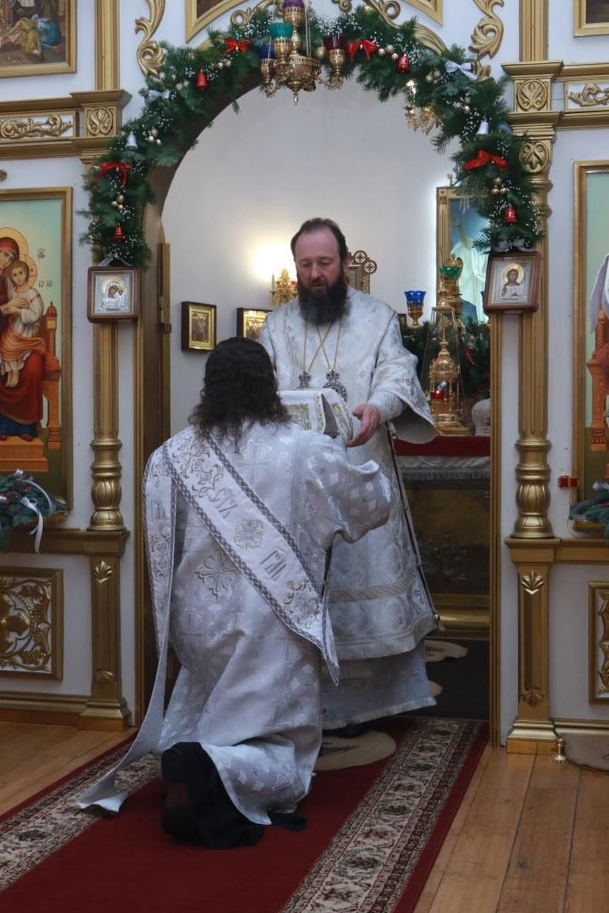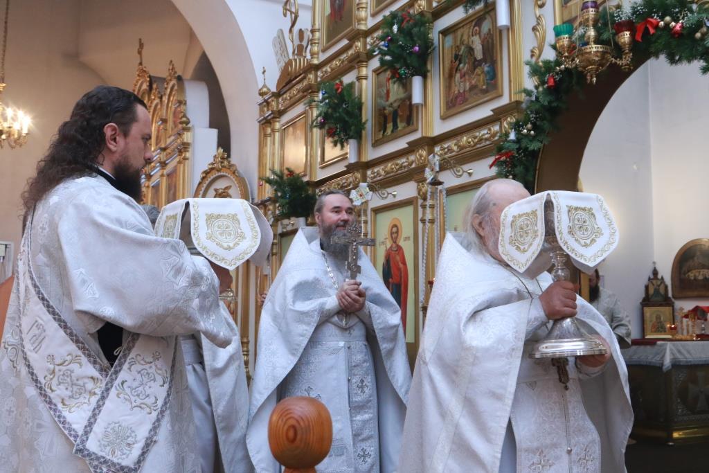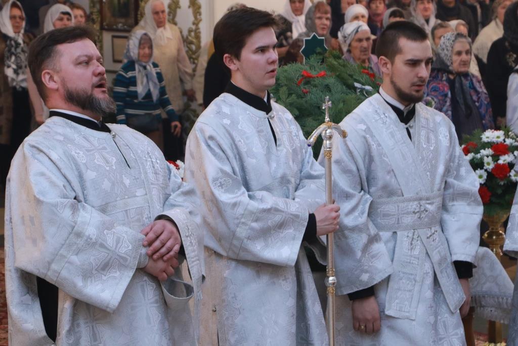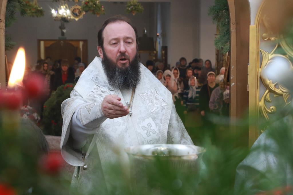 Песнопения Божественной Литургии и Навечерия Рождества Христова исполнял хор Андреевского собора под управлением Н. Романцовой. После причащения духовенства иеромонах Никодим (Авдеев) обратился к многочисленным прихожанам со словами проповеди.
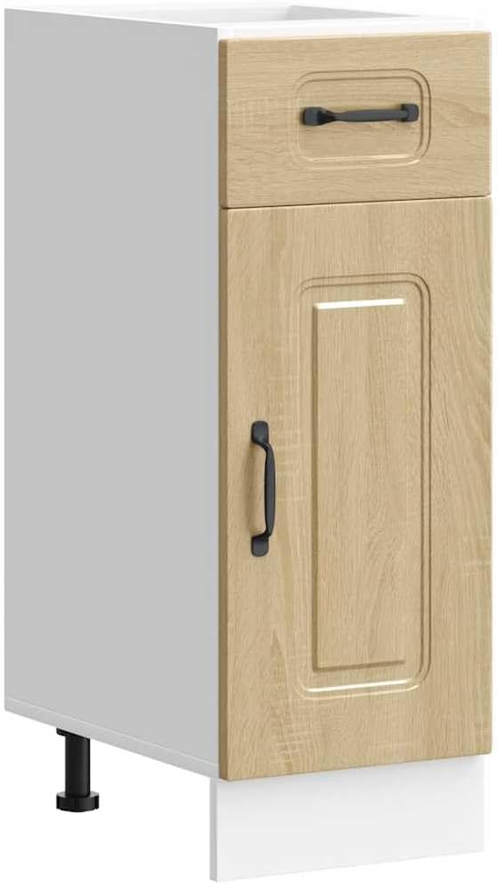This kitchen base cabinet is made to upgrade your cooking space while giving you essential storage solutions. The Sonoma oak finish brings a warm and welcoming feel, making it a classy addition to any kitchen, whether modern or traditional. Its smooth surface and sleek lines aren't just good to look at; they also provide a practical piece of furniture that can hold everything from pots and pans to kitchen linens.Ample Storage Space: With two storage sections, there's plenty of room to keep your kitchen bits organized. From cooking tools to pantry stuff, this cabinet makes sure everything's neatly stored away.Height-Adjustable Feature: The adjustable height lets you tweak it to suit your needs, fitting various kitchen layouts and making it accessible for everyone.Modern Aesthetics: The contemporary design goes well with any kitchen, giving a polished and tidy look. The Sonoma oak finish is both stylish and practical, creating a warm atmosphere.Durable Engineered Wood: Built from tough engineered wood, this cabinet is made to last. It's water-resistant, making it ideal for the kitchen where spills happen often.Easy Care Instructions: Keeping this cabinet looking fresh is easy; just give it a wipe with a damp cloth. Avoid harsh cleaners to keep the finish in good shape.Color: Brown Shape: RectangularMaterial: Engineered woodFinish: Matte Indoor/Outdoor: Indoor OnlyNumber of Doors: 1Cover Included: NoRoom: KitchenMaximum Weight: 110.2 lbsDimensions: 18.1 x 15.7 x 32.1 in (W x L x H)Min-Max Dimensions: 32.1Leg Height: 4 inWeight: 391.2 lbsLadder: NoBrand: vidaXLDelivery Contains: Kitchen base cabinetAssembly Required: YesRecommended Number of People for Assembly: 1SKU: 853470EAN: 8721158418166
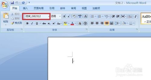 新建一个文档,可见字体已更改为“仿宋 GB2312”(图中红框)
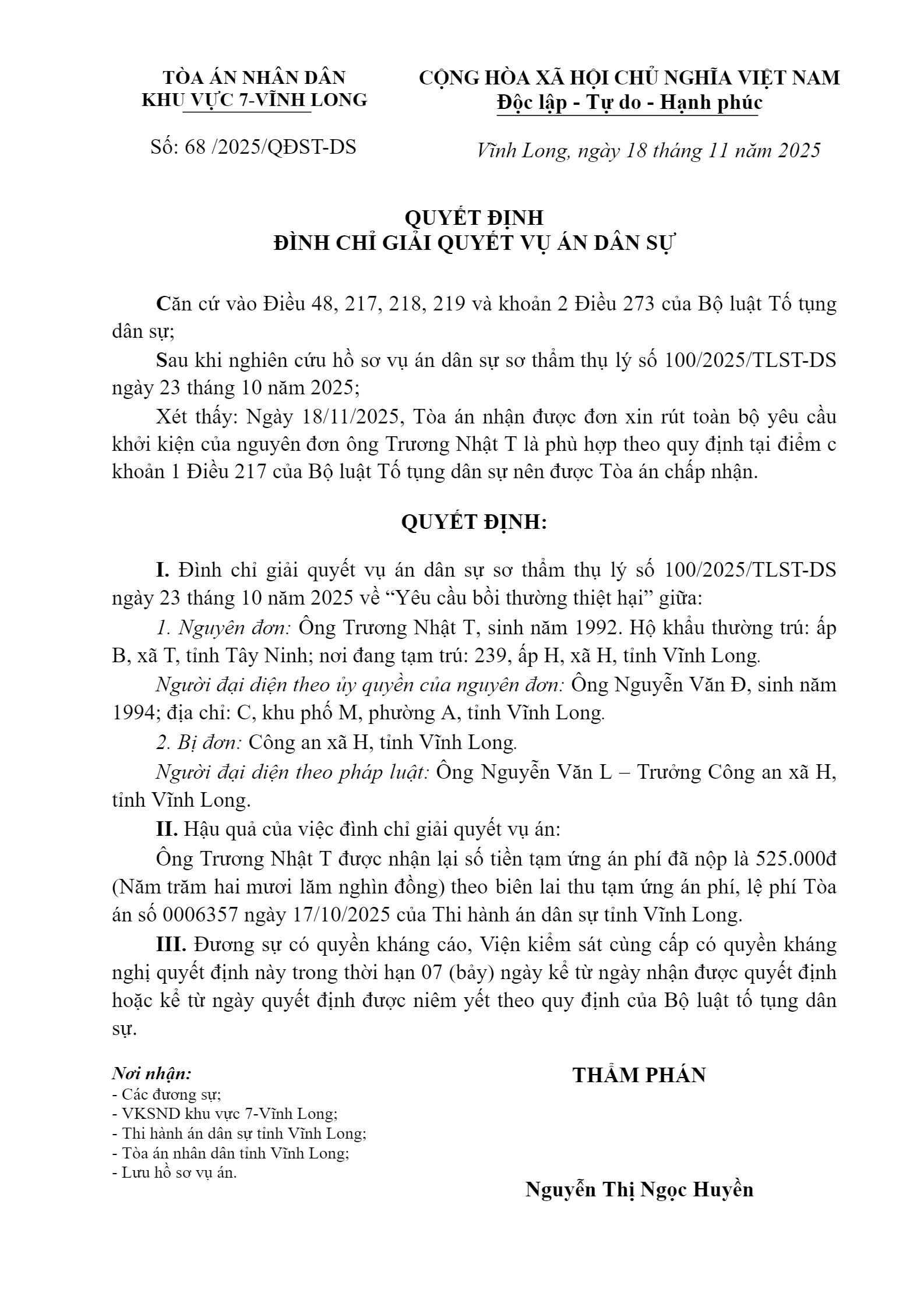 | Tòa án xét xử: | Tòa án nhân dân khu vực 7 - Vĩnh Long, tỉnh Vĩnh Long |

**ACTIVITY**
Leave the pictures out, and print every line of the listing exactly as written.

**EXPECTED ANSWER**
 Песнопения Божественной Литургии и Навечерия Рождества Христова исполнял хор Андреевского собора под управлением Н. Романцовой. После причащения духовенства иеромонах Никодим (Авдеев) обратился к многочисленным прихожанам со словами проповеди.
This kitchen base cabinet is made to upgrade your cooking space while giving you essential storage solutions. The Sonoma oak finish brings a warm and welcoming feel, making it a classy addition to any kitchen, whether modern or traditional. Its smooth surface and sleek lines aren't just good to look at; they also provide a practical piece of furniture that can hold everything from pots and pans to kitchen linens.Ample Storage Space: With two storage sections, there's plenty of room to keep your kitchen bits organized. From cooking tools to pantry stuff, this cabinet makes sure everything's neatly stored away.Height-Adjustable Feature: The adjustable height lets you tweak it to suit your needs, fitting various kitchen layouts and making it accessible for everyone.Modern Aesthetics: The contemporary design goes well with any kitchen, giving a polished and tidy look. The Sonoma oak finish is both stylish and practical, creating a warm atmosphere.Durable Engineered Wood: Built from tough engineered wood, this cabinet is made to last. It's water-resistant, making it ideal for the kitchen where spills happen often.Easy Care Instructions: Keeping this cabinet looking fresh is easy; just give it a wipe with a damp cloth. Avoid harsh cleaners to keep the finish in good shape.Color: Brown Shape: RectangularMaterial: Engineered woodFinish: Matte Indoor/Outdoor: Indoor OnlyNumber of Doors: 1Cover Included: NoRoom: KitchenMaximum Weight: 110.2 lbsDimensions: 18.1 x 15.7 x 32.1 in (W x L x H)Min-Max Dimensions: 32.1Leg Height: 4 inWeight: 391.2 lbsLadder: NoBrand: vidaXLDelivery Contains: Kitchen base cabinetAssembly Required: YesRecommended Number of People for Assembly: 1SKU: 853470EAN: 8721158418166
 新建一个文档,可见字体已更改为“仿宋 GB2312”(图中红框)
 | Tòa án xét xử: | Tòa án nhân dân khu vực 7 - Vĩnh Long, tỉnh Vĩnh Long |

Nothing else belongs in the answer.